The Trust is spending £356,000 to turn Osterley Park into a child-friendly leisure centre. As one of the huge posters strapped to the park fence says, the money will pay for ‘A new skills area for young families providing kids with a safe place to learn to cycle and gain confidence’. Why splurge this vast amount of money on something you can already easily do on the paths at Osterley, i.e. bicycle? And why use pointless language like ‘skills area’ and ‘safe place’, instead of just calling it ‘a place where you can learn to ride a bike’?

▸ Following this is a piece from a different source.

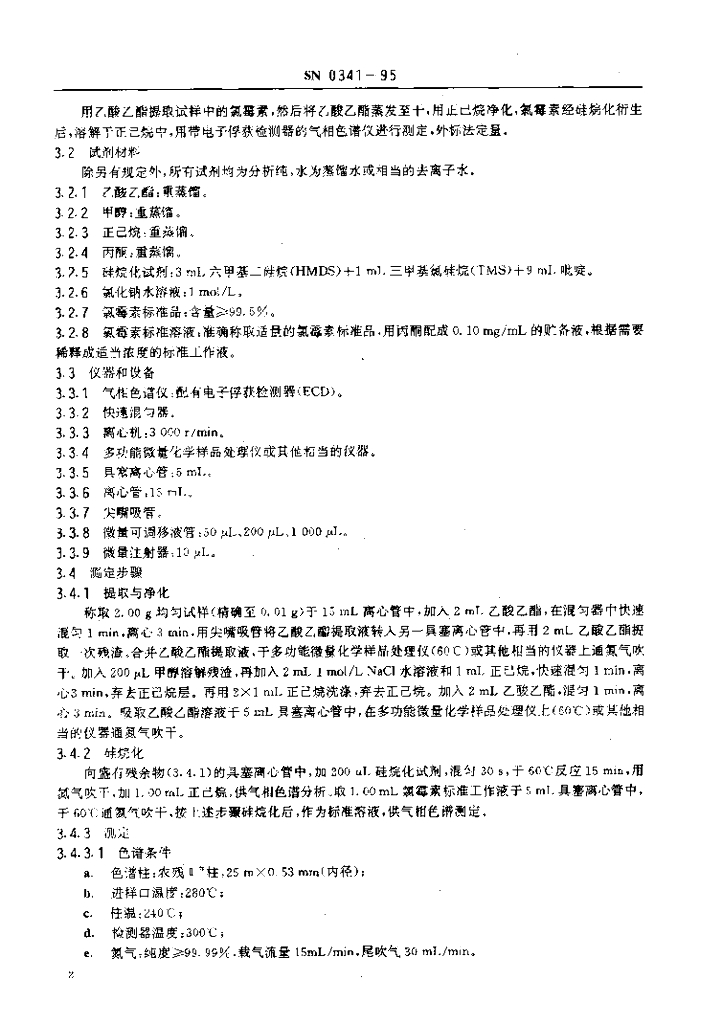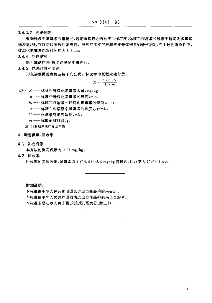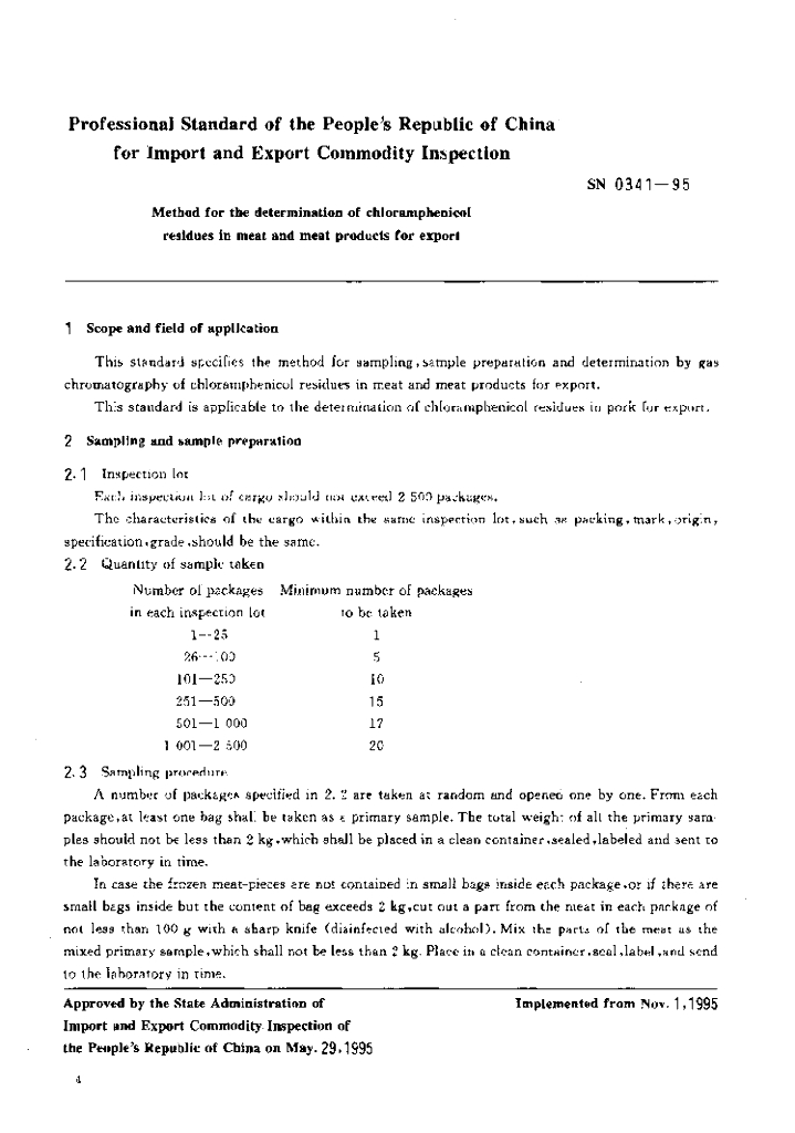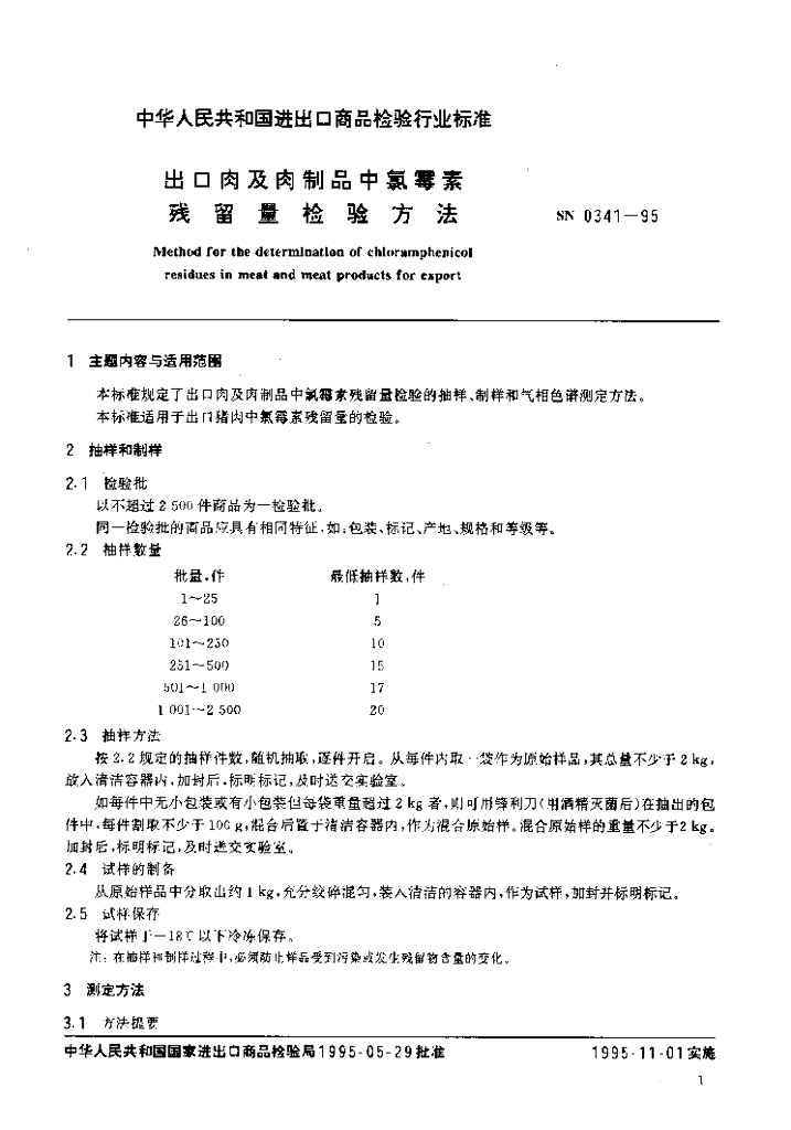 SN 0341-1995 出口肉及肉制品中氯霉素残量检验方法

It’s just a small part of the disastrous dumbing-down of the National Trust — all in the name of the Trust’s great gods: accessibility, interpretation and storytelling. Everywhere you go now at Trust properties, you’re never allowed a free thought without being bombarded by idiotic, history-free messages.
At Prior Park, Bath, one of the greatest mid-18th-century landscapes in the country, the grotto has been ruined by an enormous video screen, with a cartoon showing a Disneyfied vision of Prior Park. No facts are allowed to intervene in National Trust Kiddy World. Instead, the noticeboard outside the grotto asks you to ‘Think about how each area of the garden makes you feel…’. By the elegant, urn-topped piers at the entrance to Prior Park, a massive purple-and-white poster asks you to ‘Join the Cadbury Egg Hunt — Enjoy Easter Fun at the National Trust.’
Try walking round the garden at Kingston Lacy in Dorset and you can’t move for blackboard signs propped against the trees, scrawled on in chalk, saying, ‘Snowdrop-lovers are also known as galanthophiles.